多面体F

集会報告、読書記録、観劇記録などの「ときどき日記」

夕焼小焼の播州 龍野

2012年09月13日 | 日記
夏休みに播州龍野を訪れた。龍野は姫路の西15キロ、姫新線で20分くらいのところにある人口8万人の町である。龍野は、三木露風や三木清の生まれ故郷として有名だ。「赤とんぼ」の歌詞には6歳で実母と別れ、そのあと慕った姐やとも嫁入りで別れた露風の思いがあふれている。
  夕焼小焼の、赤とんぼ 負われて見たのは、いつの日か
  山の畑の、桑の実を 小籠(こかご)に摘んだは、まぼろしか
  十五で姐
(ねえ)やは、嫁に行き お里のたよりも、絶えはてた
  夕焼小焼の、赤とんぼ とまっているよ、竿の先


そして男はつらいよ17作「寅次郎夕焼け小焼け(1976年)の舞台になった町である。太地喜和子が16年後に事故死したこともあり、45作のなかでこの映画が最高作だという人も多い。たしかに芸者ぼたんのような派出でかわいい役柄は、浅岡ルリ子のリリー同様、寅さん映画に合う。ただしわたくしの好みは「子守唄」の十朱幸代の看護婦だ。太地だけでなく宇野重吉と岡田嘉子、そして宇野の長男・寺尾聰も出演している。30年もたつと渥美も宇野も岡田も、おいちゃん、おばちゃん、御前様もみんな亡くなってしまった。宇野は日本画の巨匠・池ノ内青観役、まるで横山大観のような役柄である。岡田は幼なじみで、いまも龍野に住む初恋の女性・志乃の役。青観は上野の居酒屋で偶然寅に出会い、助けられる。青観は龍野市役所から絵を依頼され龍野を訪問する。そしてばったり寅と再会する。なおこの作品ではタコ社長が大活躍する。全作のなかでも娘役の明美(美保純)が出るもの以外では最長の出演時間である。

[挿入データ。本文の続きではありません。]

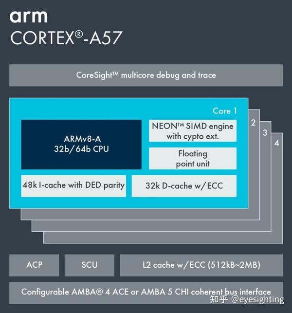 ARM Cortex-A57是实现ARM Holdings设计的ARMv8-A 64 位指令集的中央处理单元。Cortex-A57 是一个无序超标量管道。它可作为SIP 内核提供给被许可方,其设计使其适合与其他 SIP 内核(例如GPU、显示控制器、DSP、图像处理器等)集成到构成片上系统(SoC) 的一个芯片中。
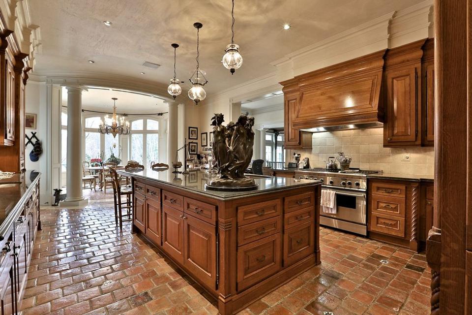 The kitchen adjoins a light-filled rotunda breakfast room and a butler’s pantry. Features include a heated terracotta tile floor, glass-front display cabinets, pendant lights and granite countertops. The center island has double sinks. A recessed paneled archway leads to a service hall.
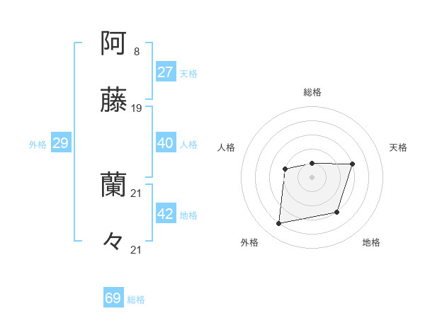 阿藤 蘭々さんの総格は69画の1点!

本竜野の駅から徒歩20分、うすくち龍野醤油資料館に行った。もとはヒガシマル醤油の本社でレンガ造りの建物からして風格がある。登録有形文化財の指定を受けている。播州平野の小麦、山間部の大麦、赤穂の塩、そして揖保川の水を使ってつくる。薄口は絞る前に甘酒を加えるそうだ。
大正昭和の食通・北大路魯山人は「濃口しょうゆはできるだけ使わず薄口しょうゆを使え」と述べたそうだ。
そして300mほど西南にある「梅玉」でそうめんを食べた。ここは脇坂藩筆頭家老屋敷跡の創業100年の老舗旅館の付属施設である。とても暑い日だったのでのどごしのよい揖保そうめんがうまかった。

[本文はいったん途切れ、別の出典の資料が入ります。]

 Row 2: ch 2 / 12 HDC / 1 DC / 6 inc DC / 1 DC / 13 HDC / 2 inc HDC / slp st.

男はつらいよ 寅次郎夕焼け小焼けの宴会シーンはこの旅館で撮影された。寅さんやぼたんだけでなく観光課長役の桜井センリもどんちゃん騒ぎをしていた。
店の壁には、太地、寺尾、山田監督、渥美、岡田のサイン、ポスター、スナップ写真11点が掲示されていた。

その後、小学校の近くにある武家屋敷資料館に回った。この家は天保期(1830年代)の建物を復元修復したもので、
帰りは旭橋を渡った。映画では龍野橋の上流方向に見える赤い鉄の橋だ。とても幅が狭く、段差があるため歩行者と自転車しか通れない。

路地や洗濯に使った川はよくわからなかったが、揖保川の清流はいまなおきれいだった。30年も前なら側溝のような小さな川でもごく普通に洗濯できたのではないかと思わせる落ち着いた町だった。
銘菓として、しょうゆ饅頭やしょうゆ羊羹というものがあるそうだ。
11月にはオータムフェスティバルin 龍野というイベントが開かれる。